Neuroprosthetic devices should mimic as best as possible the tissue they are placed into. The tissue would then accept them as its own or just ignore them. They should furthermore be chemically, mechanically and functionally time-invariant for uncompromised performance. Fabricating electrode arrays exclusively from soft polymeric materials may be one step into that direction. The innovative concept of filling bi- or multi-level microchannel electrode array scaffolds with polymer conductors opens several new routes for designing and fabricating neuroprosthetic devices not only on the laboratory bench, but also through existing replica mass production schemes (e.g., mold-injection, hot-embossing). In contrast to metal MEAs (Sadleir et al., 2005), polymer conductors may turn out to be compatible with computer tomography (CT) and magnetic resonance imaging (MRI), minimizing or avoiding image artifacts (Chen & Wiscombe, 1998; Flanders & Schwartz, 2008).
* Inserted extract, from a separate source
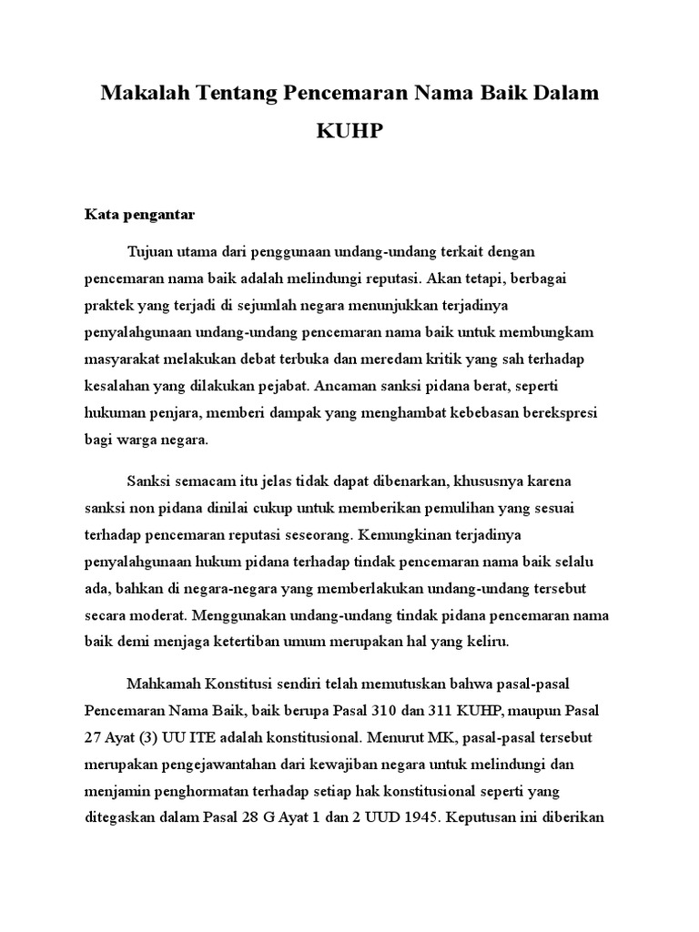 Pencemaran Nama Baik Dalam Kuhp Dinding Hukum

Given the vast choice of insulation and conductor materials, device properties and performance can be tuned in a multitude of ways. While thin coatings of the microchannel walls with PEDOT:PSS lead to largely transparent devices suitable for combined electrophysiological and microscopy in vitro studies, currently, film stability with respect to bending and stretching is still limited. Nevertheless, depending on the fabrication approach, electrodes can be shaped as ring electrodes or classical area electrodes. Alternatively, channels can be filled entirely with rubber-like gPDMS or other conductive PDMS or PU composites, rendering the devices excellently stable to bending and stretching. If both transparency and flexibility are required, a hybrid strategy of combining PEDOT:PSS electrodes with gPDMS tracks and connector pads may be chosen. While the presented results refer to proof-of-concept studies with polyMEAs still having rather large electrode and track dimensions, there is no conceptual hurdle that prevents their further miniaturization. It can thus be foreseen that the presented polyMEA concept heralds a new generation of implantable neuroprosthetic electrode arrays.